Виновником этому был долговязый студент механико-математического факультета Пётр Затула, который каждое утро без пяти минут восемь топтался у главного входа в университет, поджидая Лилю. Заприметив Володю в качестве постоянного попутчика Лили, он, дождавшись, когда за ней закроется парадная резная дверь, не мудрствуя лукаво, соврал сопернику, что она является его невестой и что он не приветствует их совместный утренний променад. Петрусь, как окрестила его Лиля, часто приглашал её в кино, в фойе которого непременно угощал шоколадным эскимо, водил в картинную галерею, в музей прикладного искусства и в украинский драматический театр имени Марии Заньковецкой. Лиля, сама не зная почему, не отказывалась от этих встреч, найдя в его не очень презентабельной особе, прежде всего, скромного и надёжного товарища, с которым чувствовала себя, по крайней мере, безопасно. Петрусь, к своему великому неудовольствию, так и не сумел отыскать ни математическую и ни какую другую корреляцию, позволившую ему приблизить к себе Лилю настолько, чтобы их отношения имели логическое продолжение. Параллельно к Лиле, в полном смысле слова, приклеился ещё один поклонник, длинноволосый блондин, студент иняза, Дмитрий. Он подкарауливал её в академической библиотеке, занимал место в читальном зале, а затем неизменно приглашал на чашечку кофе. В отличие от Володи и Петруся, Дмитрий представлялся вальяжным, даже, в некоторой степени, импозантным типом с претензией на всё модерновое и стиляжное, роскошное и шикарное, помпезное и церемониальное. Вполне понятно, что все его претензии даже близко не пересекались с взглядами и мировоззрением Лили и поэтому их мимолётные встречи не могли иметь перспективы даже теоретически.

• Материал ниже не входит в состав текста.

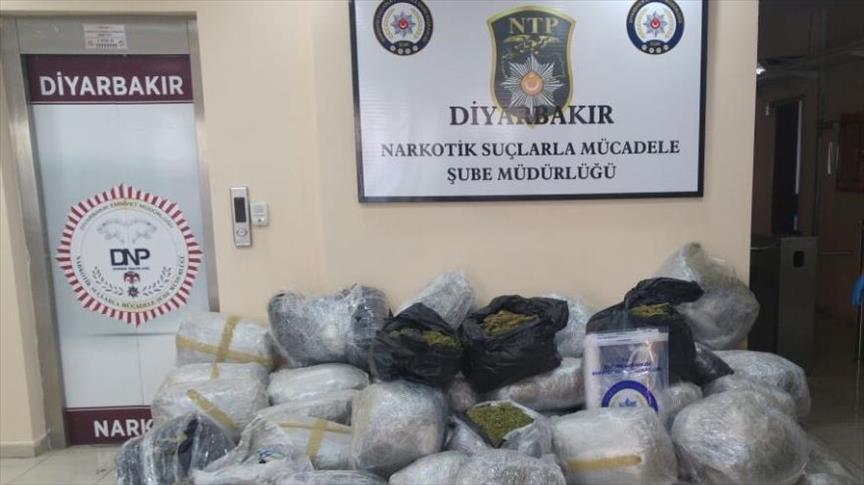 Diyarbakır'da bir iş yerinde yapılan aramada 342 kilogram esrar maddesi ele geçirildi, 1 şüpheli gözaltına alındı.
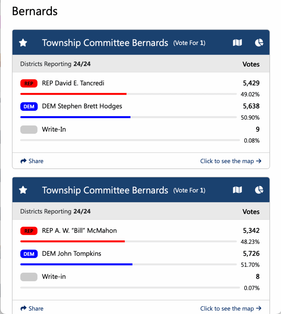 As most of you know, winning an election here as a Democrat has historically been a rare occurrence. We were blessed to have sage advisors in Ana Duarte McCarthy and Joan M. Bannan, the first two Democratic women who ran and WON in Bernards Township. They helped our team hone our message, and their endorsement video went viral here with over 123,000 views on Instagram, and 50,000 on Facebook. BTDC Chair Jane Conklin was always available to hear me grouse, and worked her magic rallying volunteers and knocking on doors.
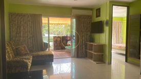 A fully furnished 1-bedroom apartment located on the 1st floor in a resort-style condominium surrounded by greenery and pools. The layout includes a living room combined with a kitchen and dining area, a bedroom, a bathroom, and a balcony.
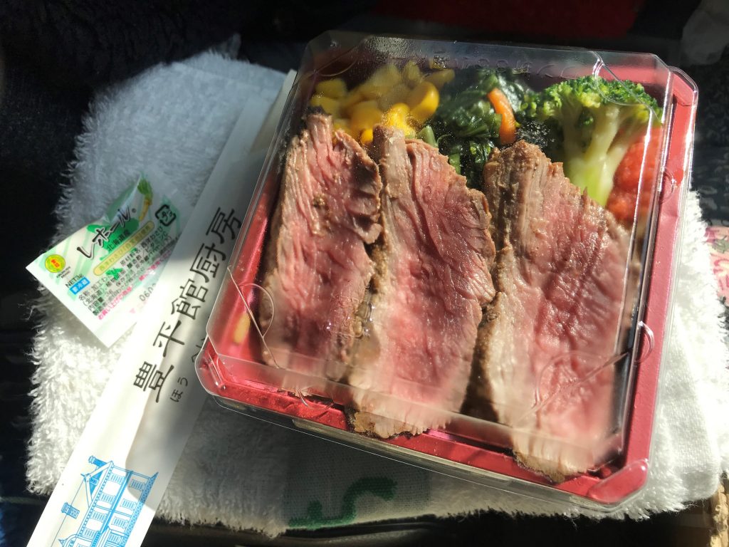 どこに座って食べるか検討したものの、良い案が見つからず、結局は車中に落ち着いた。手のひらサイズのステーキ弁当、温めなくても十分に美味しく頂いた。

Да что студенты-ухажёры, планка Лили с каждым днём поднималась всё выше и выше. Очень уж явные и заметные знаки внимания Лиле стал оказывать молодой преподаватель кафедры физической географии, свежеиспечённый кандидат наук, один из немногих русскоязычных сотрудников университета. Как-то после комсомольского собрания он вызвался проводить Лилю в общежитие. Тротуары городских улиц покрылись плотной коркой льда, который дворники не успели убрать. На высоких каблуках чёрных кожаных сапог, подаренных матерью на день рождения, Лиля скользила, теряла равновесие и несколько раз даже упала, порвав капроновые чулки выше коленей. Когда же они вышли с трамвая, дорога к общежитию превратилась в сплошной гололёд. Молодому учёному, который впоследствии получил докторскую степень и стал проректором Одесского университета, ничего не оставалось, как подхватить стройную и худенькую Лилю и на руках донести её до общежития. Возле входа в него, осторожно поставив её на не скользкую асфальтовую отмостку, он не сдержался, обнял Лилю и внезапно поцеловал её в привлекательную и румяную от мороза щёчку. Она хотела было влепить приват-доценту заслуженную пощёчину, но в это время открылась входная дверь, из которой вывалились Виктор и Лена, которые стали невольными свидетелями случившегося. Лена не удержалась от соблазна подковырнуть Лилю и, нарочито повернувшись к Виктору, съязвила:

– Вы только посмотрите, что делается. При всём честном народе студентки соблазняют преподавателей, и всё это ради того, чтобы сдать непростой экзамен по ландшафтоведению. Это так их там, в деревне, учат.

Виктор замер, неотрывно смотря Лиле прямо в глаза. Придя в себя, он прикрыл Лене губы своей коричневой перчаткой и, схватив за руку, быстро потащил в сторону трамвайной остановки во избежание повтора глупостей, которые могли сорваться с её языка. В спину им неслись слова обиженного доцента:

– Вы правы, студентка Сергачёва, безусловно, сдаст мой экзамен, а вот вам, Вареница, уж поверьте мне, придётся очень нелегко.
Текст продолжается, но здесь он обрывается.